Lets talk about poaching the eggs, first.  I grew up making poached eggs in one of those handy dandy “cups that fit over a skillet of water” thing a ma jigs.

Those work great… despite the occasional discrepancy in uneven cooking, and the awkward shape that pops out of the cup when your done.  It’s not the ideal contraption when making an open faced breakfast sandwich.  So, lets learn to really poach an egg…

Poaching is: the process of gently simmering food in liquid.  So essentially, those contraptions we were talking about, aren’t really poaching the eggs, because they are never “in” the simmering liquid!  Its intimidating to just go cracking an egg into some hot water.  The good news, is that eggs are still relatively cheap.  (I just bought 5 dozen for $6.00!)  So if you ruin a few, don’t sweat it!  Take some time to practice poaching and get comfortable with the technique.

Step 1:  Add water and a splash of white vinegar to a pot and bring it to a simmer.  (Just when you see small bubbles forming.)  Try to maintain this temperature.  This in itself may be a difficult task as you might have some “getting used to” with the temperature setting of your stove top!  Why the vinegar?  It actually helps the whites of the egg to start to solidify.  You need all the help you can get when cooking at this low temperature.  You want the yolk to stay intact, but the whites to cook around it.

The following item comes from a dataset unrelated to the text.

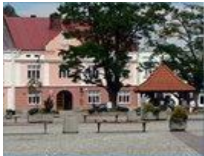
Odnowa i rozwój wsi

Ten z kolei cel zamierza się osiągać poprzez: wspieranie zatrudnienia, aktywizację obszarów wiejskich, poprawę gospodarki wiejskiej oraz promocję dywersyfikacji, a także tworzenie warunków do różnorodności społecznej, strukturalnej (poprawa kondycji małych gospodarstw oraz rozwój rynków lokalnych).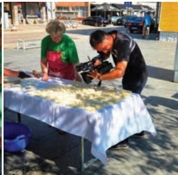
Gotovo redovno događaje u organizaciji Udruga Đeram poprati Vinkovačka plava televizija pa je tako i ovaj put ostalo medijski popraćeno.

Step 2:  Add the egg into the simmering water.  Don’t just go cracking it straight in your first time.  A heavy plop in the water is no good.  Try cracking the egg into a ladle, then gently and slowly letting it slip into the water.  You’ll probably see some of the whites stream off the the egg and float around in your simmering water.  Thats fine, the bulk of the egg will stay together.  Let the egg cook for about 3 minutes.  With a slotted spoon, gently scoop the egg up and give it a slight jiggle in the water.  You’ll be able to see what is solid and what is still liquidy.  The yolk should jiggle, but there should be little to no movement from the whites.

Step 3: Gently remove the egg from the water with the slotted spoon and set on a plate to drain off any excess water.  You don’t want to put it straight onto the bread and then have a soggy mess.

I would recommend, starting out, that you cook only 1 egg at a time.  Give it your full attention, then move on to the next and it give it the same tender love and care!  It’s easy to get overwhelmed with lots of eggs in the water, and if your spending time, gently introducing them to the water, the cook time, might be slightly different for each egg…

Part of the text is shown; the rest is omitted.